Ratings for the Support to Basic Package of Health Services (BPHS) Project for Afghanistan were as follows: outcomes were satisfactory, the risk to development outcome was substantial, the Bank performance was moderately satisfactory, and the Borrower performance was also moderately satisfactory. Some lessons learned included: the approach used in Afghanistan to deliver primary health care services is becoming a model for other fragile and post-conflict countries. The successful approach revolves around: (i) a low cost unified package of health services that is agreed upon by all stakeholders; (ii) contracting out services to NGOs who have greater agility and flexibility in delivering those services; (iii) close collaboration between the government and development partners with clear cut spheres of responsibilities and roles; and (iv) a gradual strengthening of government capacity for stewardship and healthcare provision with increasing roles and responsibilities over time.
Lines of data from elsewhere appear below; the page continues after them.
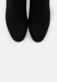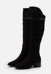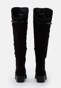 Bottes mi-cuisses en daim noir avec un bout arrondi, un petit talon bloc et une sangle décorative avec un accent métallique en haut.
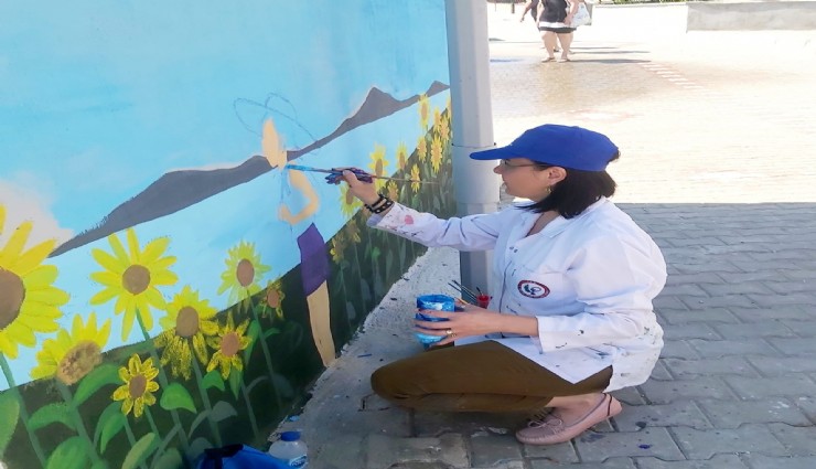boyama çalışmaları dikkat çekiyor. Sanatsal çalışmalarla hem park duvarları hem de
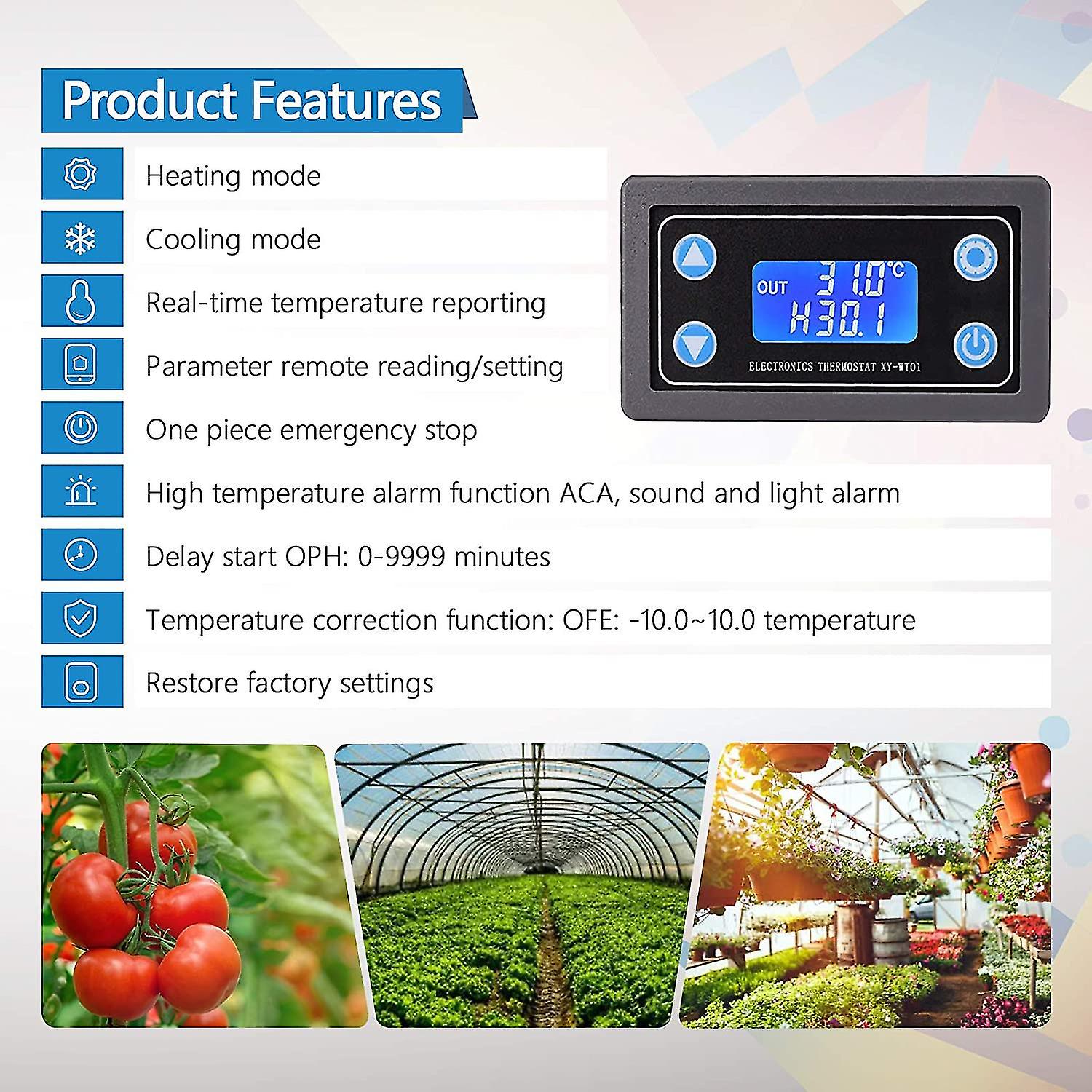 Perfekte Temperaturkontrolle für deine Projekte! Dieser digitale Temperaturregler von ARCELI ist ein echter Allrounder - ob für Kühlbox, Heizung oder Gewächshaus. Mit 12V DC Betriebsspannung super für Auto, Wohnmobil oder Solaranlagen.\\n\\nDas coole Feature: Zwei separate Relais für Kühlung UND Heizung, beide mit 10A/250V Kapazität. Du kannst zwischen Fahrenheit und Celsius umschalten und den Sensor mit seinen 2 Metern Länge genau da platzieren, wo du ihn brauchst.\\n\\n• Betriebsspannung: 12V DC\\n• Temperaturbereich: -50°F bis 99°F / -50°C bis 99°C\\n• 2 Relais (Kühlung & Heizung)\\n• Sensorlänge: 2 Meter\\n• Genauigkeit: ±1°F/±1°C\\n• Alarmfunktion bei Störungen\\n\\nWichtig: Nur für 12V Geräte! Nicht an 110V anschließen. Einbau ist mit den Maßen 75x34,5x85mm kein Problem - passt in die meisten Anlagen.
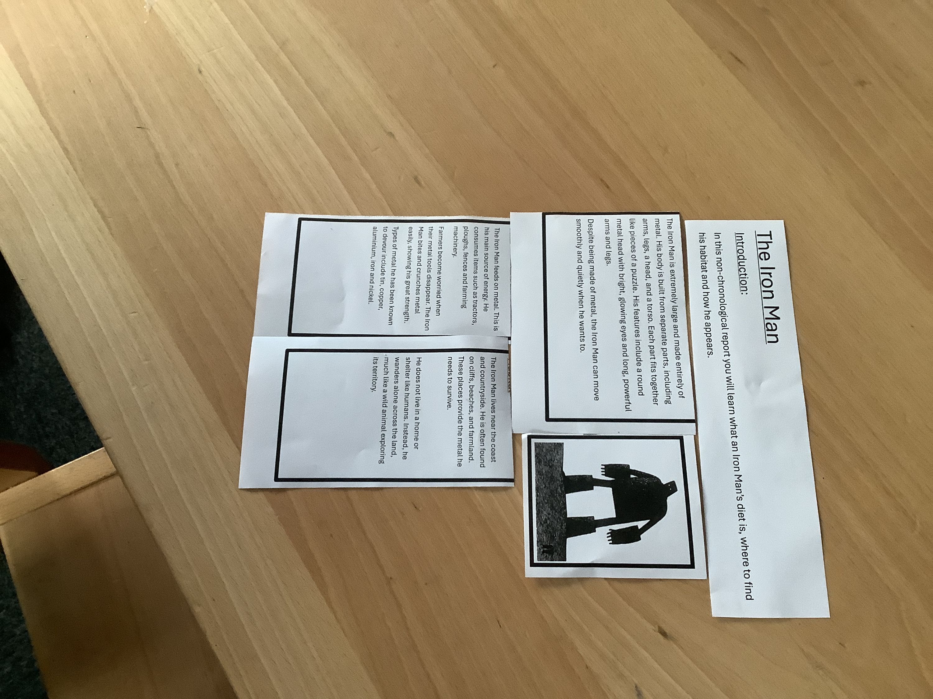 This week in English we will be writing about the Iron Man from our story 'The Iron Man' by Ted Hughes as if he were a real creature. During the past week we have explored present tense, formal language and fact versus opinion, and today we looked at how we can structure a non-chronological report.
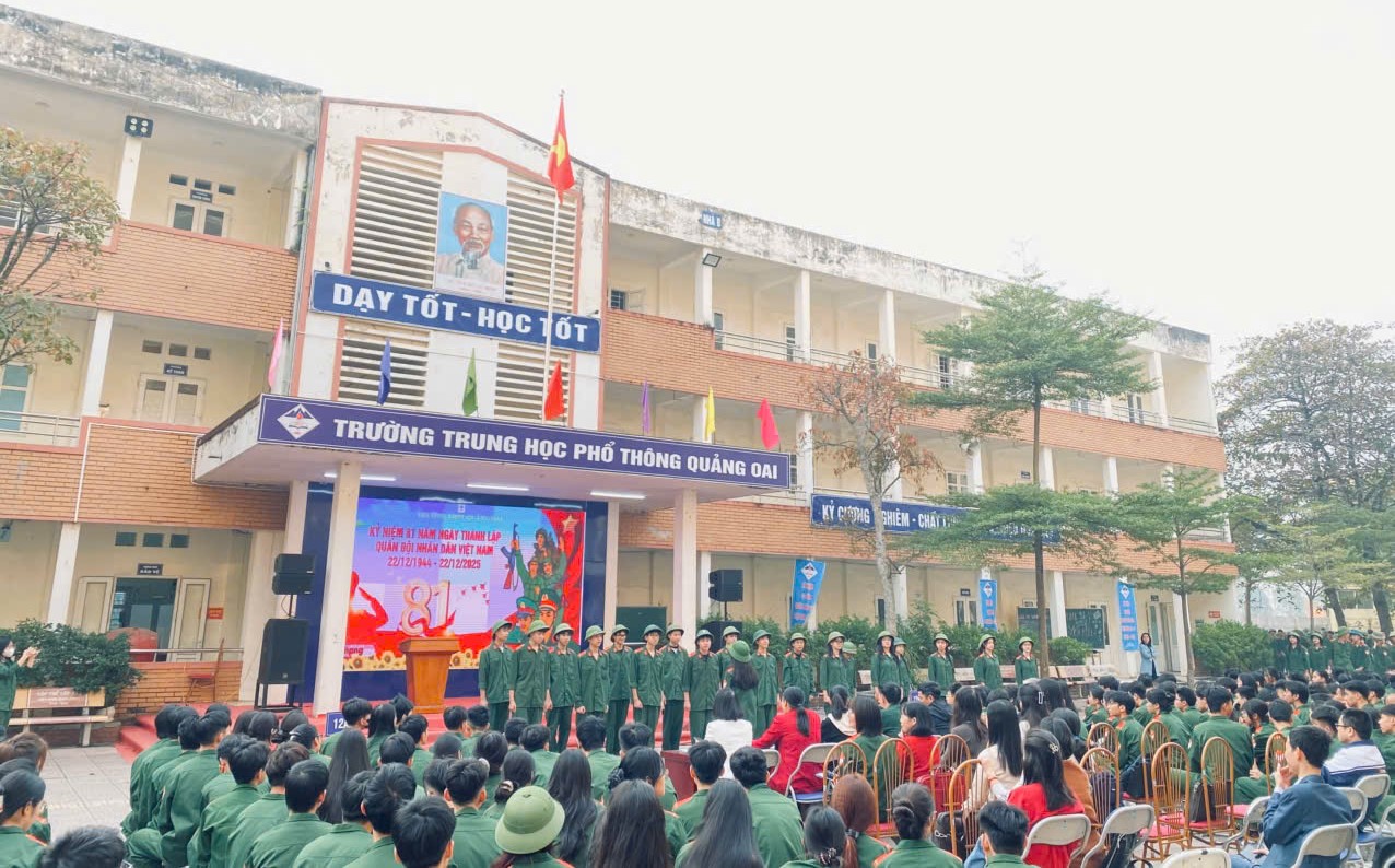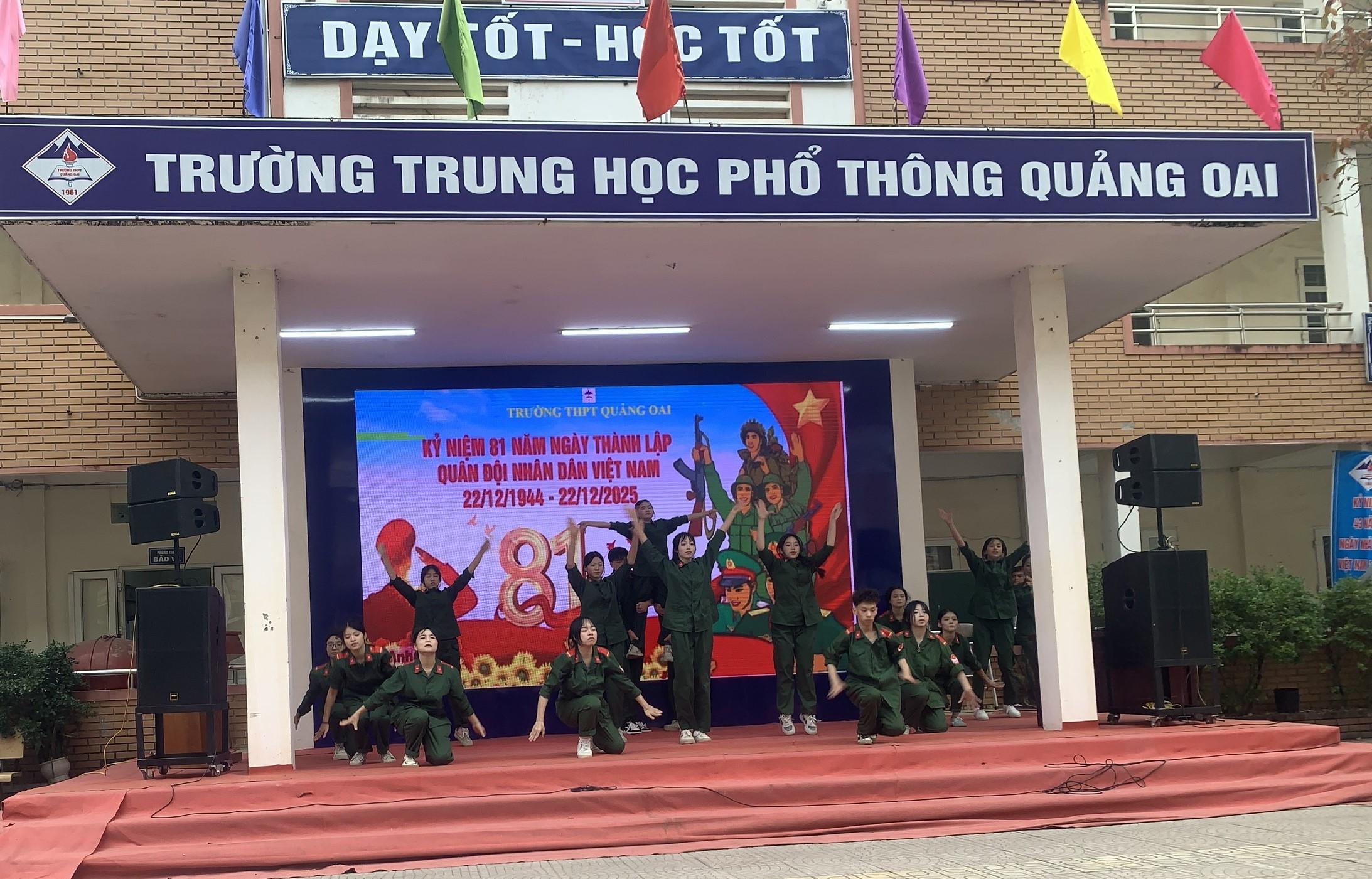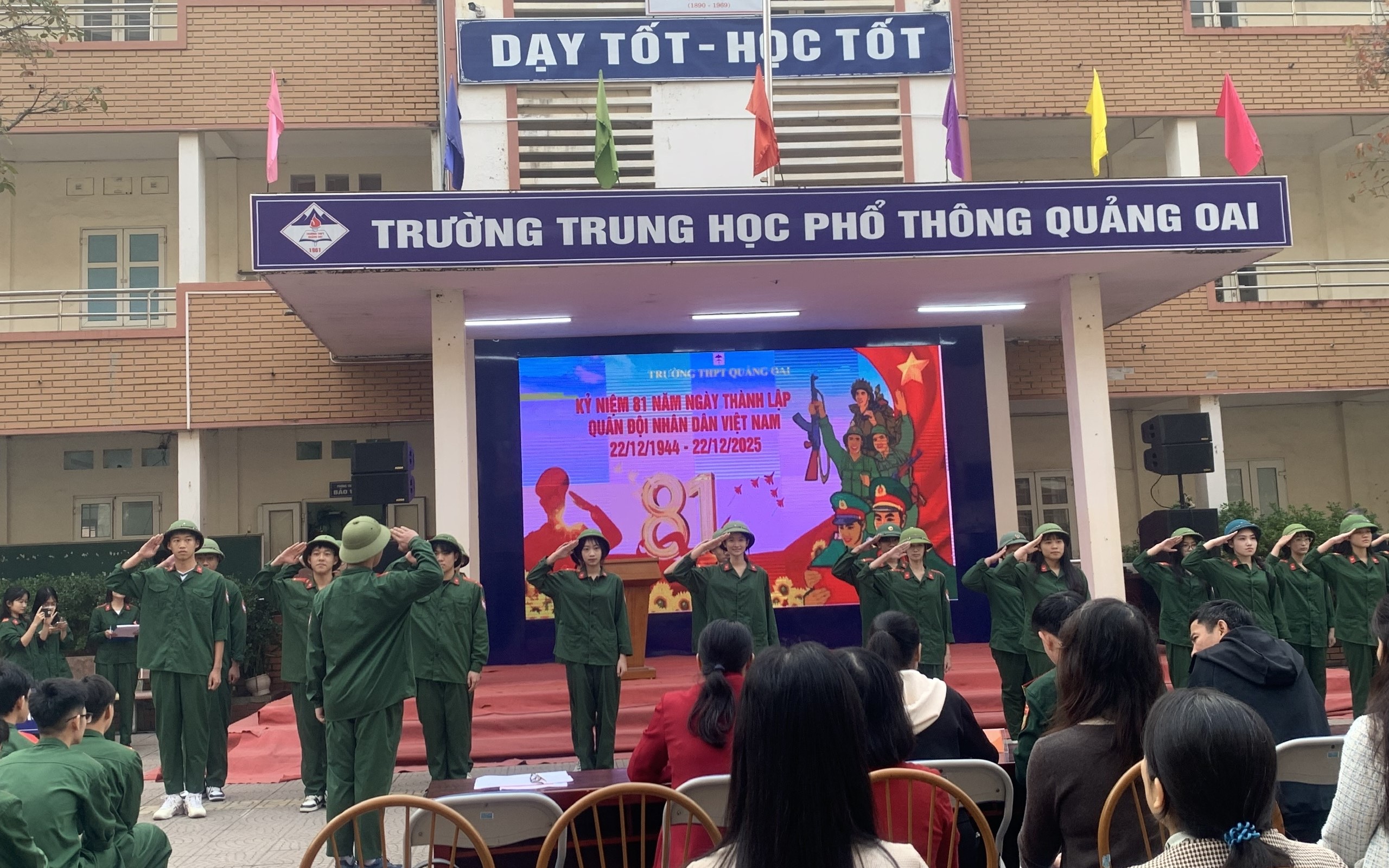 Nhân kỷ niệm 81 năm Ngày thành lập Quân đội nhân dân Việt Nam và 36 năm Ngày hội Quốc phòng toàn dân 22/12, Trường THPT Quảng Oai đã tổ chức nhiều hoạt động thiết thực, ý nghĩa nhằm tuyên truyền, giáo dục truyền thống cách mạng, lòng yêu nước và ý thức trách nhiệm đối với sự nghiệp xây dựng và bảo vệ Tổ quốc cho cán bộ, giáo viên, nhân viên và học sinh toàn trường.

Reporting and collection of data on performance indicators, and HMIS strengthening should be considered carefully when designing future operations. Local provincial health departments should be encouraged to play an increasing role of facilitation and stewardship. Strict supervision of and reaping maximum benefits from NGOs should not be the primary focus of the provincial health departments. Early engagement of the provincial health departments should be sought in future operations to coach them towards facilitating and assuming monitoring functions during project implementation.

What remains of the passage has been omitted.